** Data follows **

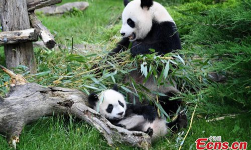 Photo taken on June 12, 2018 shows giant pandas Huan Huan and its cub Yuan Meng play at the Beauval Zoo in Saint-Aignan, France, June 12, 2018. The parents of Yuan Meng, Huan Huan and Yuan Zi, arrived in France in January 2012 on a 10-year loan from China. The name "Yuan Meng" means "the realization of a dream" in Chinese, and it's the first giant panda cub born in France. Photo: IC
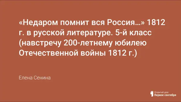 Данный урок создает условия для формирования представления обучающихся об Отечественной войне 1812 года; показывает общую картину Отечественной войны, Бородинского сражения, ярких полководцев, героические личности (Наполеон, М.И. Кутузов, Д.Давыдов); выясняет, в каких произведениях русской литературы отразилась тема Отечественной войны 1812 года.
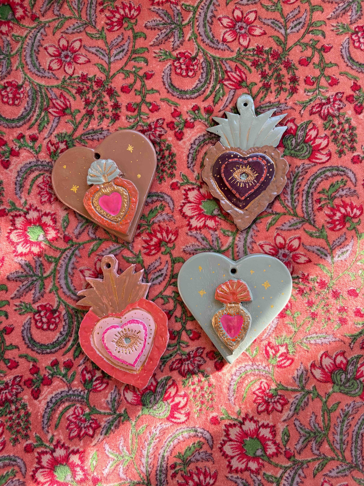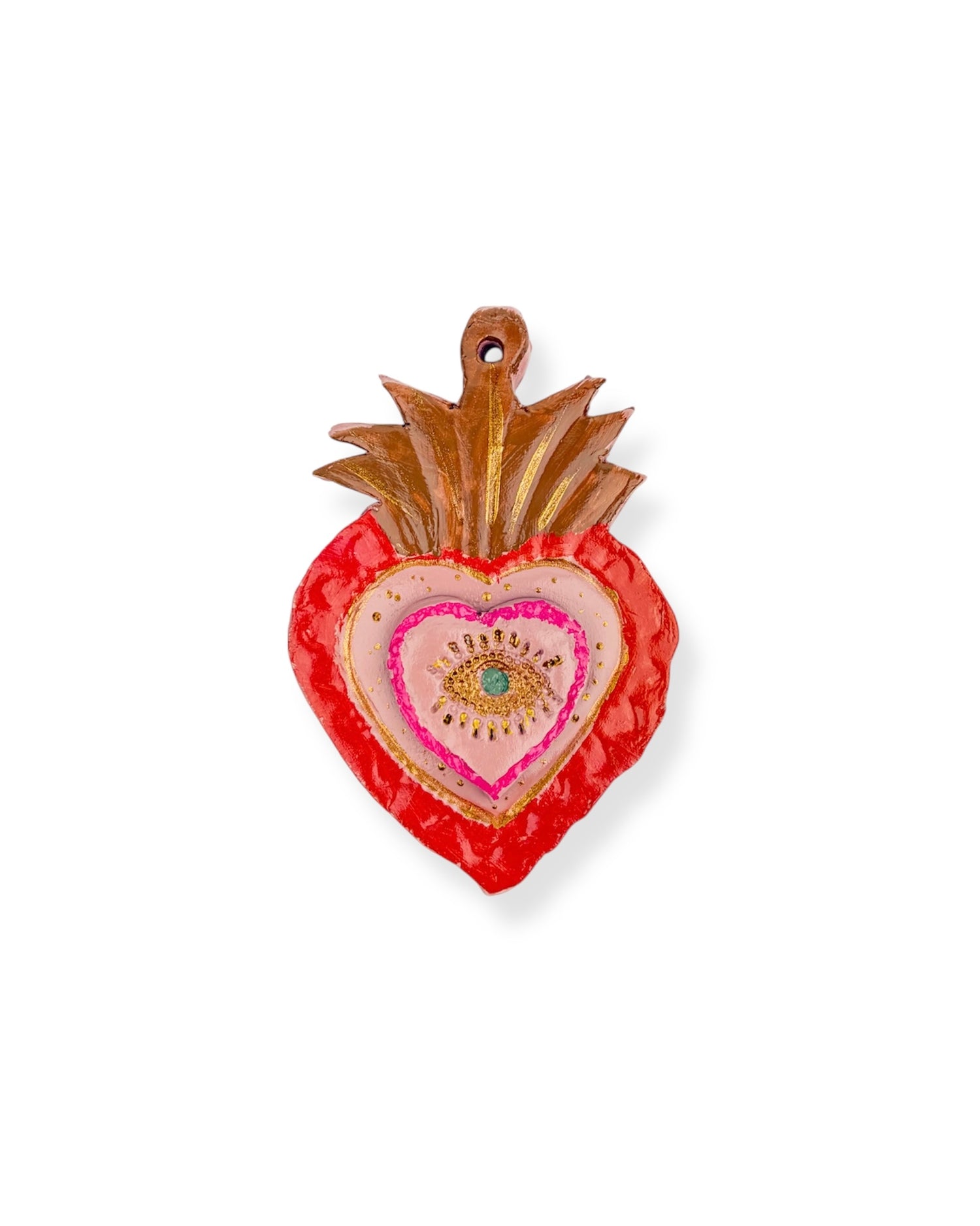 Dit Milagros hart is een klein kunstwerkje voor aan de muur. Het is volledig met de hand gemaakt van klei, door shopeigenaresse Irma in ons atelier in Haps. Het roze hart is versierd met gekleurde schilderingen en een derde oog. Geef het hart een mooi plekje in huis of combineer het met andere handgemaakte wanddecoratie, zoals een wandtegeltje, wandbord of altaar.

** End of Data **
** Data follows **

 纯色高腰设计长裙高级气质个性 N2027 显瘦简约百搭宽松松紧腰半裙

** End of Data **

▸ **Brief**:
Every line from the one with "Photo taken on" through the one with "Данный урок создает" is to be reproduced exactly as written above, and the pictures are to be dropped.

▸ **Written solution**:
 Photo taken on June 12, 2018 shows giant pandas Huan Huan and its cub Yuan Meng play at the Beauval Zoo in Saint-Aignan, France, June 12, 2018. The parents of Yuan Meng, Huan Huan and Yuan Zi, arrived in France in January 2012 on a 10-year loan from China. The name "Yuan Meng" means "the realization of a dream" in Chinese, and it's the first giant panda cub born in France. Photo: IC
 Данный урок создает условия для формирования представления обучающихся об Отечественной войне 1812 года; показывает общую картину Отечественной войны, Бородинского сражения, ярких полководцев, героические личности (Наполеон, М.И. Кутузов, Д.Давыдов); выясняет, в каких произведениях русской литературы отразилась тема Отечественной войны 1812 года.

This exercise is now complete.